Simple - at the very first token, they run through n parallel paths of decreasing probability. They extract the answer from each, then pick the answer with the highest total confidence value.
This is also a good way to test intrinsic reasoning capabilities (since the prompting is just Q: A:) across models and tasks.
The performance improvement also sticks around, even when you add chain-of-thought prompting 🤯
There are a few things useful to sampling-based approaches here. The first is that early branching (and diversity) in token selection is significantly better than later on.

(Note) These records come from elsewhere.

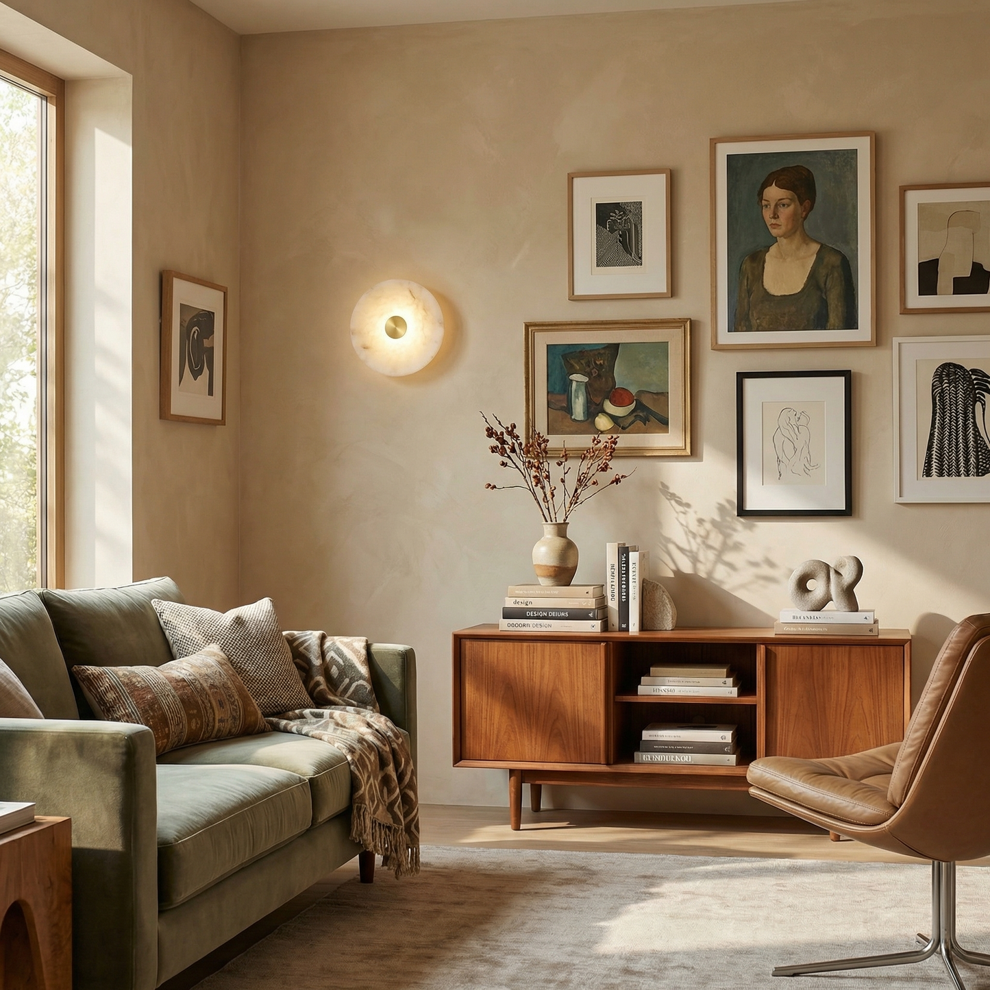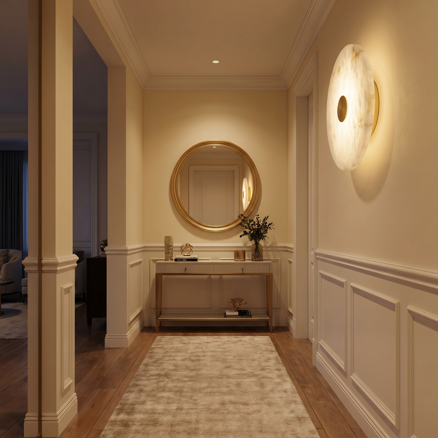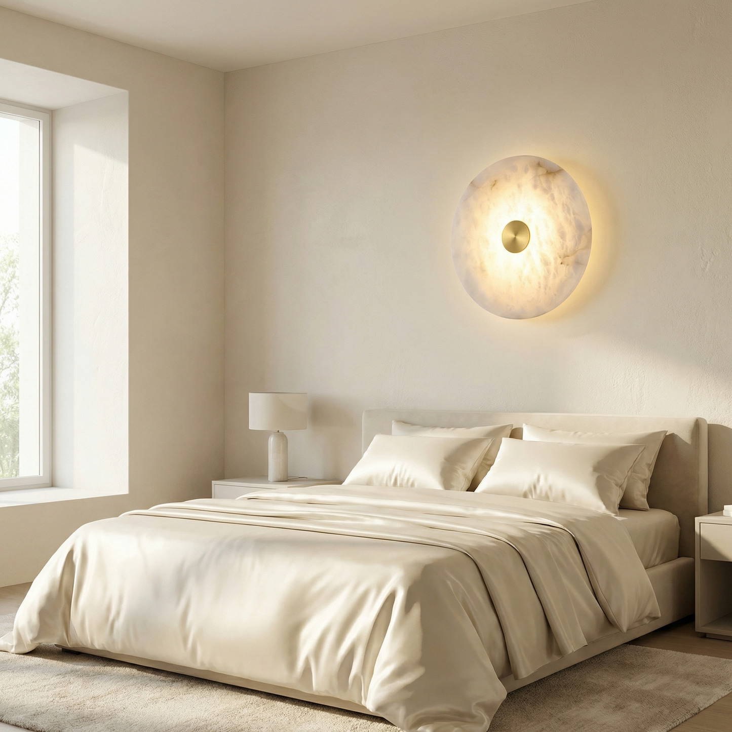 Part of the Luna Disc Collection, this flush-mount wall sconce captures the full moon in translucent alabaster — a flat disc of hand-selected stone that glows with a soft, even amber light, anchored by a minimal metal centre.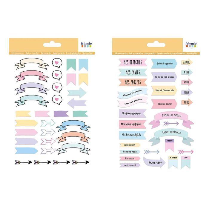 Rub'on stickers pour planner - ARTEMIO - 2 planches - Multicolore - Adultes & Enfants - 40 motifs
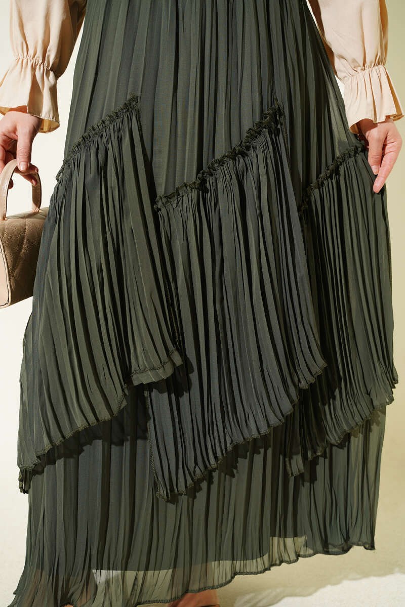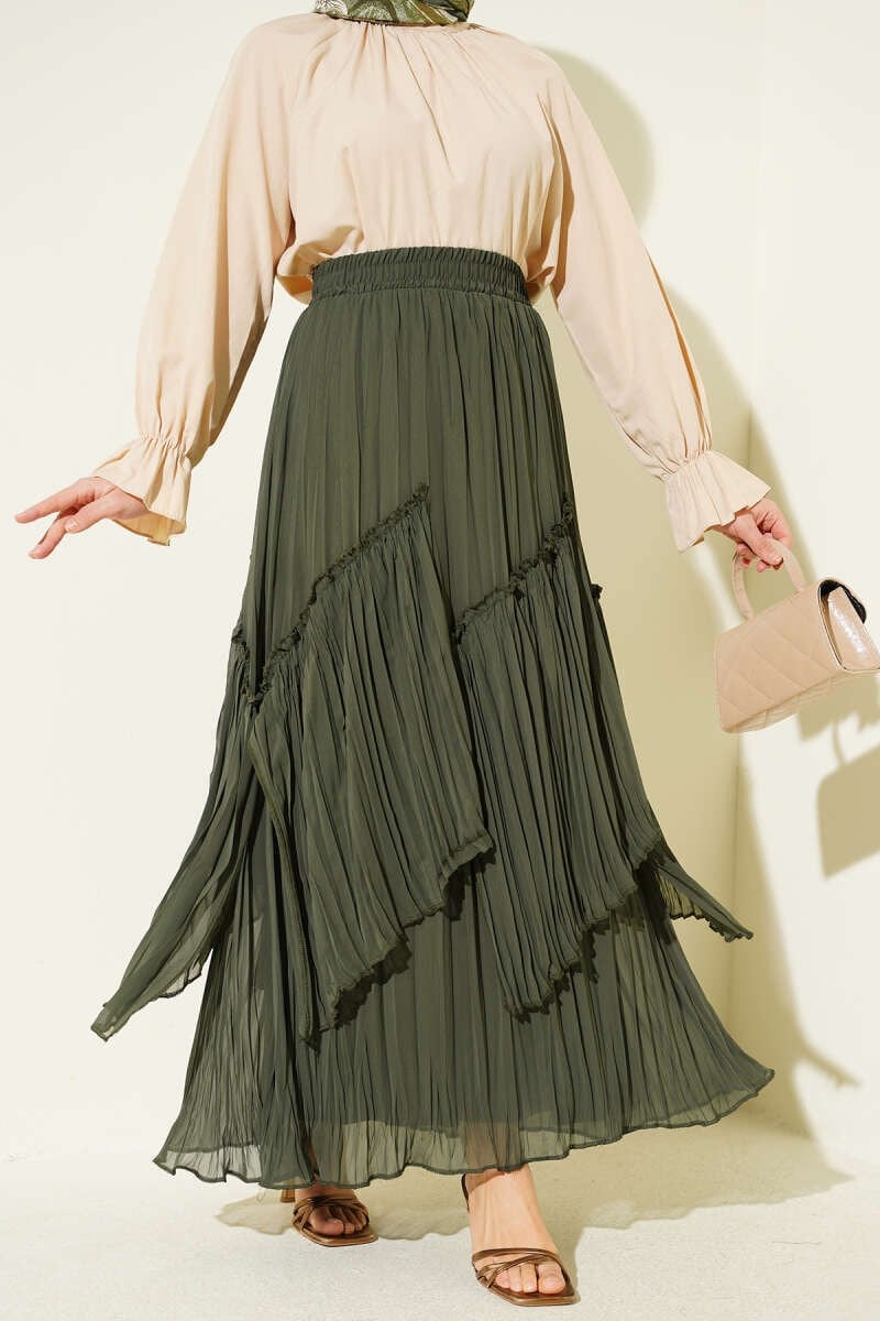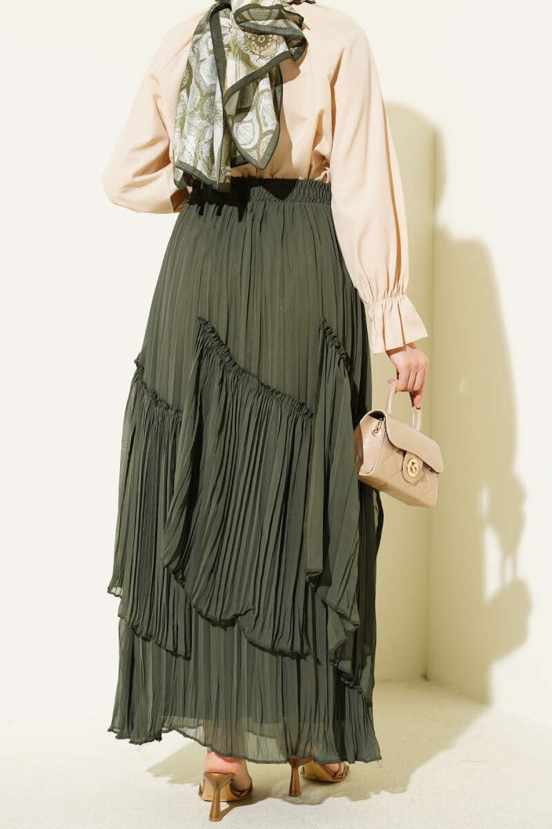 Pleated Chiffon Skirt in Khaki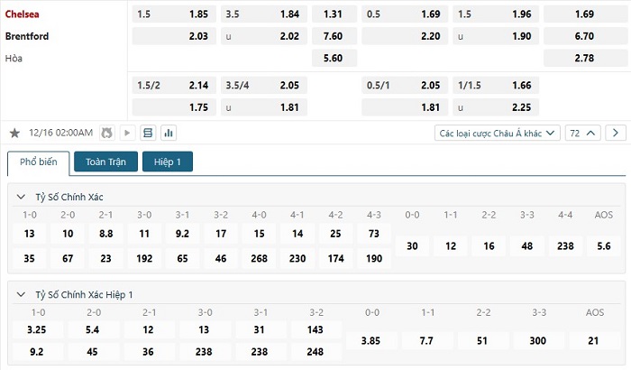 Soi kèo châu Á, kèo chấp Chelsea vs Brentford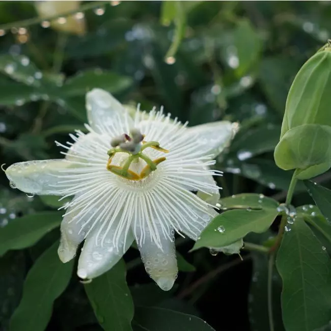 Nouvelle variété de passiflore qui se remarque par sa fleur entièrement blanche et surtout parfumée.
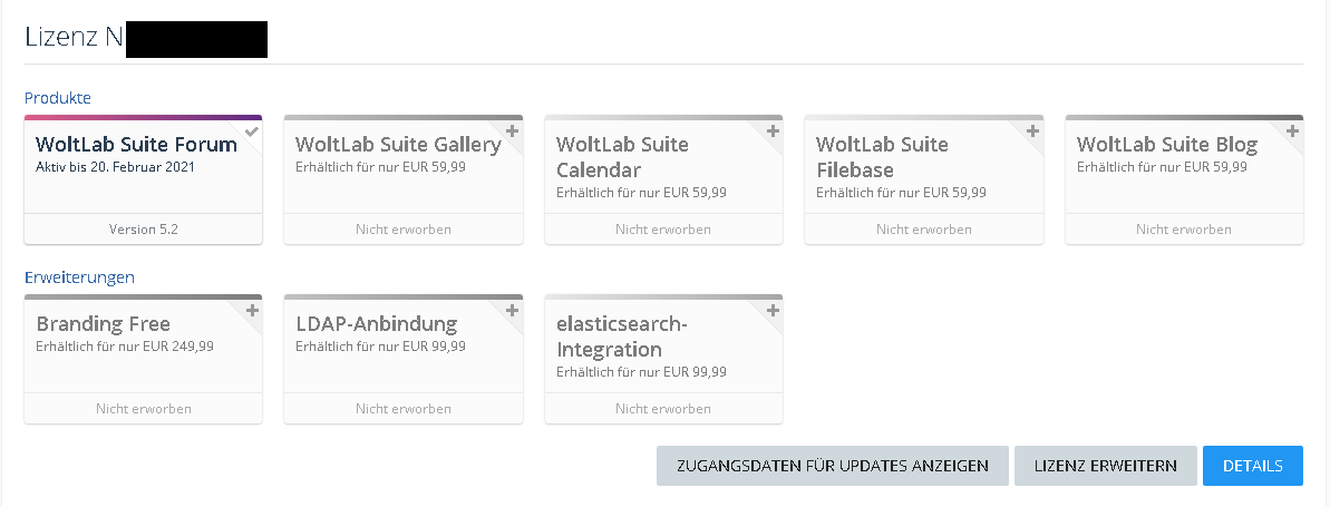 ich biete eine stink-normale WoltLab Suite Forum 5.2 - Lizenz, da ich mit meiner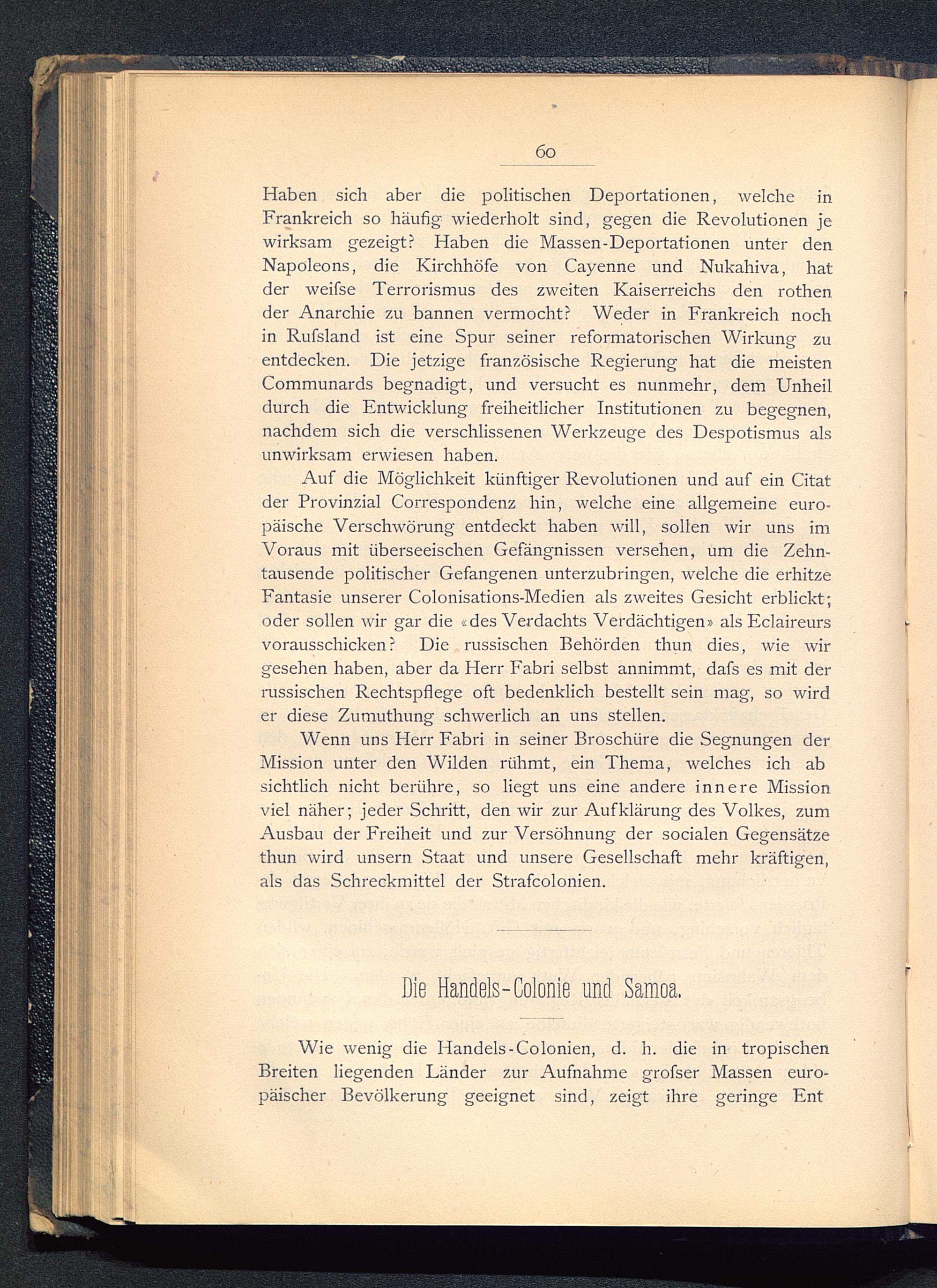 Wenn uns Herr Fabri in seiner Broschüre die Segnungen derMission unter den Wilden rühmt, ein Thema, welches ich absichtlich nicht berühre, so liegt uns eine andere innere Missionviel näher; jeder Schritt, den wir zur Aufklärung des Volkes, zumAusbau der Freiheit und zur Versöhnung der socialen Gegensätzethun wird unsern Staat und unsere Gesellschaft mehr kräftigen,als das Schreckmittel der Strafcolonien.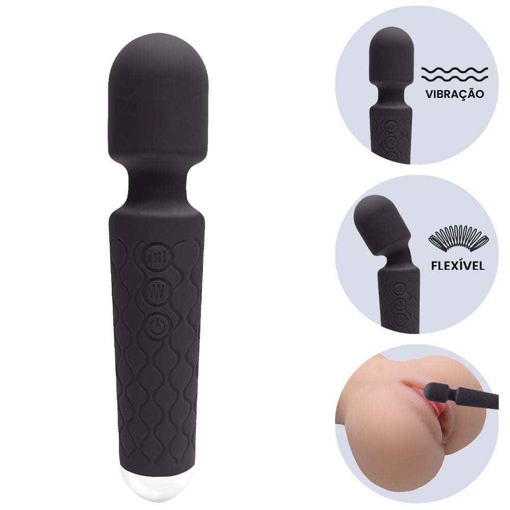 Vibrador Varinha Mágica 2 Vibrações Flexível 15 X 3Cm Vipmix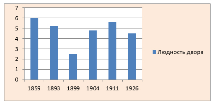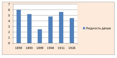 Теперь посмотрим по данным таблицы 1 и диаграммы на рисунке 3, как менялась средняя людность домохозяйства в поселении. Мы увидим, что этот важный показатель со временем сокращался, хотя в начале XX в. было зафиксировано временное его увеличение, сменившееся новым спадом. Такая динамика в принципе соответствует известной историкам закономерности: в период модернизации традиционного общества крупные по величине, сложные по составу родственные ячейки постепенно уступали место небольшим и простым по структуре[10].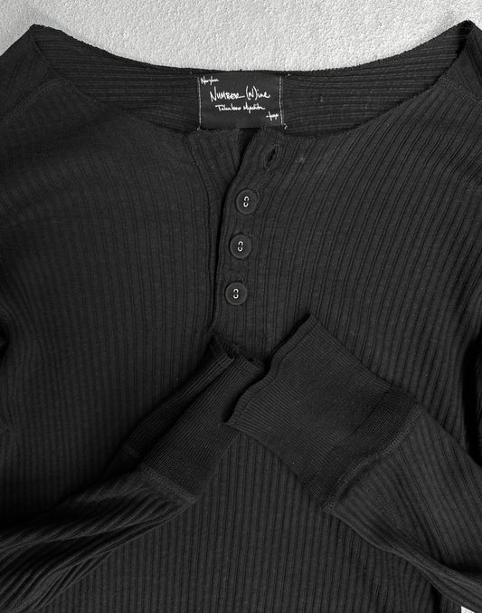 Number (N)ine AW09 Black Henley Silk-blend Long-sleeves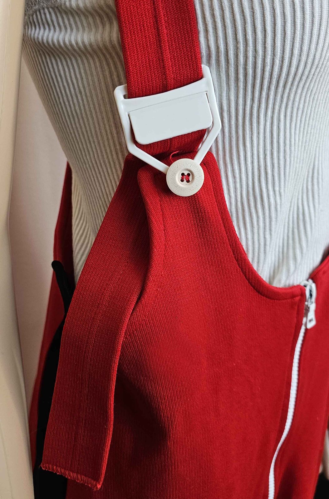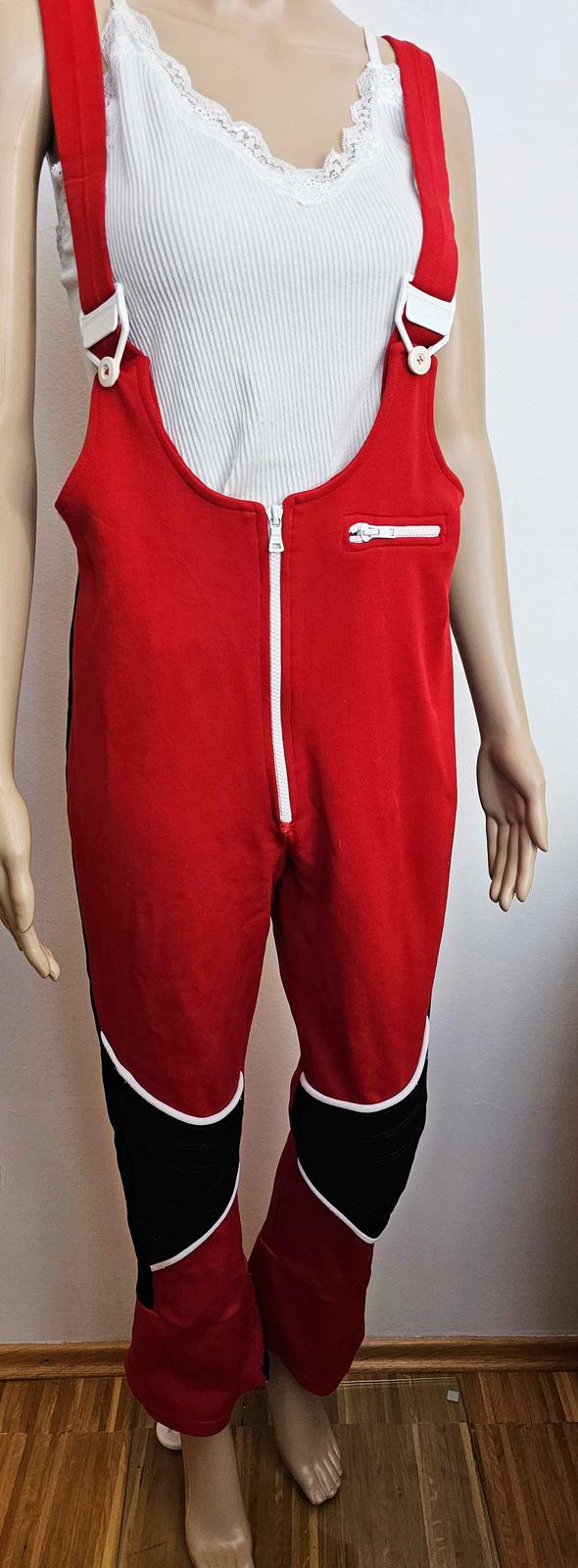 Nohavice - boky 55-60x2 cm, dĺžka vonkajšia 50 cm + traky, dĺžka vnútorná 70 cm. Pevný, elastický a hrejivý materiál. Veľ. 38/40.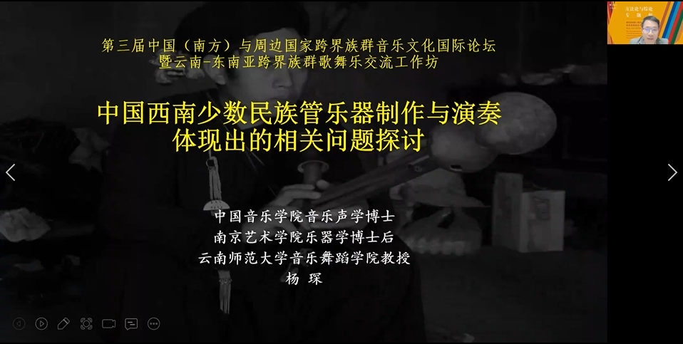 云南师范大学杨琛教授《中国西南少数民族管乐器制作与演奏体现出的相关问题探讨》一题中针对西南少数民族管乐器命名、乐器开孔、乐器音色的认知以及乐器演奏技术等问题展开探讨,南京艺术公司的杨曦帆教授在《嘉绒藏族音乐文化志的跨学科研究方法探索》一题中从宗教、神话、传说、民俗、历史事件等角度观察嘉绒藏族音乐形成的流动性,介绍两种观点:一是音乐民族志描述不仅要有静态的一面,还要把握研究对象在生成过程中所发生的诸种关系的动态过程描述的能力;二是跨界族群音乐文化研究中的跨文化既是局内的,同时也是局外的,相似性和差异性在跨界研究中都应该是常态;广西艺术公司陈坤鹏教授在其《一弦类乐器的策动方式及其关系论》一文中,介绍了一弦类乐器的振动、用弦、审美等,总结出一弦类乐器其策动方式有擦奏、拨奏、击奏、击奏与拨奏结合等四种形式,就“一弦类乐器旋律特点”“二弦同度的一弦审美”等问题提出相关观点。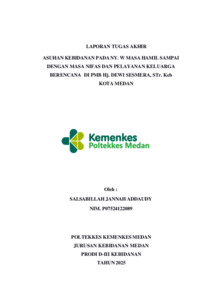 Addaudy, Salsabillah Jannah (2025) Asuhan Kebidanan pada Ny. W Masa Hamil Sampai dengan Masa Nifas dan Pelayanan Keluarga Berencana di PMB Hj. Dewi Sesmera, S. Tr.Keb Kota Medan. Diploma thesis, Poltekkes Kemenkes Medan.

This is different from Entropix, which (in my limited understanding) don't vary temp much against length.
The intrinsic CoT paths also reveals things about models in their base state.
For one, models tend to do math left to right instead of the correct order.
Tey find paths harder the more steps there are or as tasks become more complex. State tracking becomes especially hard.
They also suggest that CoT prompting in a lot of cases just causes the model to 'mimic' the suggestion in the prompt - which can be good and bad depending on what you're trying to do.